A single well-demarcated and non-ulcerated 4-cm diameter skin nodule on the extensor surface of the left.
Fluctuation upon palpation was evident, with no pain, warmth or redness.
One month after the first surgical drainage, Mycobacterium intracellulare was identified as the causative agent of the skin abscess (culture and nuclear hybridization). At that time, the same agent was isolated from one sample of the bronchoalveolar lavage collected three months before as an inpatient.
We made the diagnosis of a disseminated M. intracellulare infection. The patient was kept on TDF/FTC + RAL in addition to clarithromycin 250 mg bid, ethambutol 1200 mg qd and rifabutin 300 mg qd for 24 months.

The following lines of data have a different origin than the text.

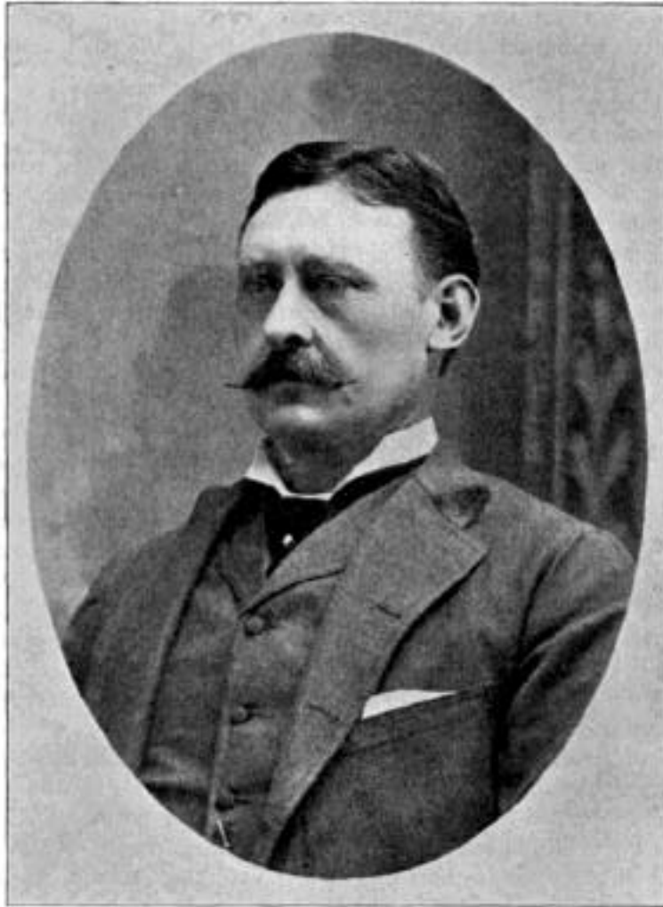
Sir Henry Arthur Blake, K. C. M. G., Governor of Jamaica.

In the statistics of this fertile island this article does not figure in pounds, shillings and pence as largely as do some of its other products. Economically speaking, however, ginger is one of its most important articles of commerce. In my judgment, from 25,000 to 50,000 of its people are more or less dependent upon the ginger crop for such ready money as is essential to maintain their existence. The cultivation and gathering of this drug is largely in the hands of that peculiar class of West Indian peasants known as Quashie. Quashie is the title given the snuff-colored and brown people as distinct from blacks, that make up nine-tenths of the inhabitants of the West Indies.
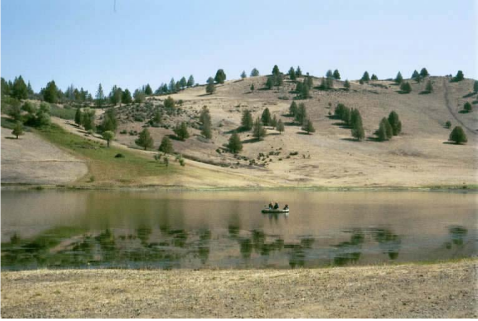
Cove at Long Gulch
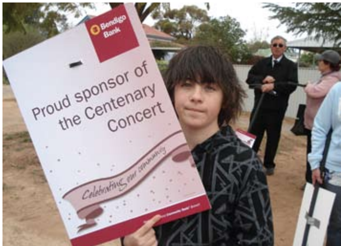
▲ Getting ready for the Parade.

The skin nodule regressed after two weeks and computed tomography of the thorax showed no residual lung disease at nine months of therapy. After 24 months of therapy, the immune status had improved (CD4+ cell count of 261 cells/mm3, viral load <20 copies/mL) and the antimycobacterial therapy was stopped. No lung or skin recurrence occurred at six months of follow-up.
Discussion
A global decrease in tuberculosis was accompanied by an increased awareness of atypical mycobacteria (AM) -associated disease. 1 Due to similar clinical, etiological and antigenic similarities, some groups of AM are considered together as complexes: Mycobacterium avium and M. intracellulare are grouped together as the Mycobacterium avium–intracellulare complex (MAC). The MAC complex agents are ubiquitous slow-growing pathogens and environmental exposure is considered the predominant pathway to disease. Regarding cutaneous AM disease occurring globally, several recent case series classify 65–86% of the affected patients as immunocompetent.2–4 MAC disease, on the other hand, is much more common in immunosuppressed individuals, mainly in persons with advanced HIV infection, and the more frequent clinical presentation is lung disease or disseminated disease. 1 Disseminated AM disease in HIV patients is due to MAC in >90% of cases, with more than 90% of those infections due to M. avium; it tends to occur in patients who are severely immunocompromised, as evidenced by very low CD4+ T-cell counts. 5 Skin involvement revealing MAC disseminated disease has been rarely reported, both in healthy and in immunocompromised patients6,7 and is not considered a typical clinical presentation. 1 According to most studies, the importance of MAC in cutaneous AM disease is limited. As most cases of cutaneous AM infection occur in immunocompetent patients and are limited to skin and soft tissues, other agents as Mycobacterium marinum or Mycobacterium fortuitum are much more commonly reported.1,4,8 Primary cutaneous infection by MAC is rare, and excluding concomitant pulmonary disease is considered mandatory, 9 especially in the context of immunosuppression. The variety of clinical manifestations is wide and non-specific, including erythematous plaques, ulcers and abscesses.1,3,6,7,10 As a crucial part of multidisciplinary teams, the dermatologist is on the front line of care for severely immunocompromised patients and a high level of suspicion is mandatory when approaching these cases.
Footnotes
Declaration of conflicting interests
The authors declared no potential conflicts of interest with respect to the research, authorship, and/or publication of this article.
Funding
The authors received no financial support for the research, authorship, and/or publication of this article.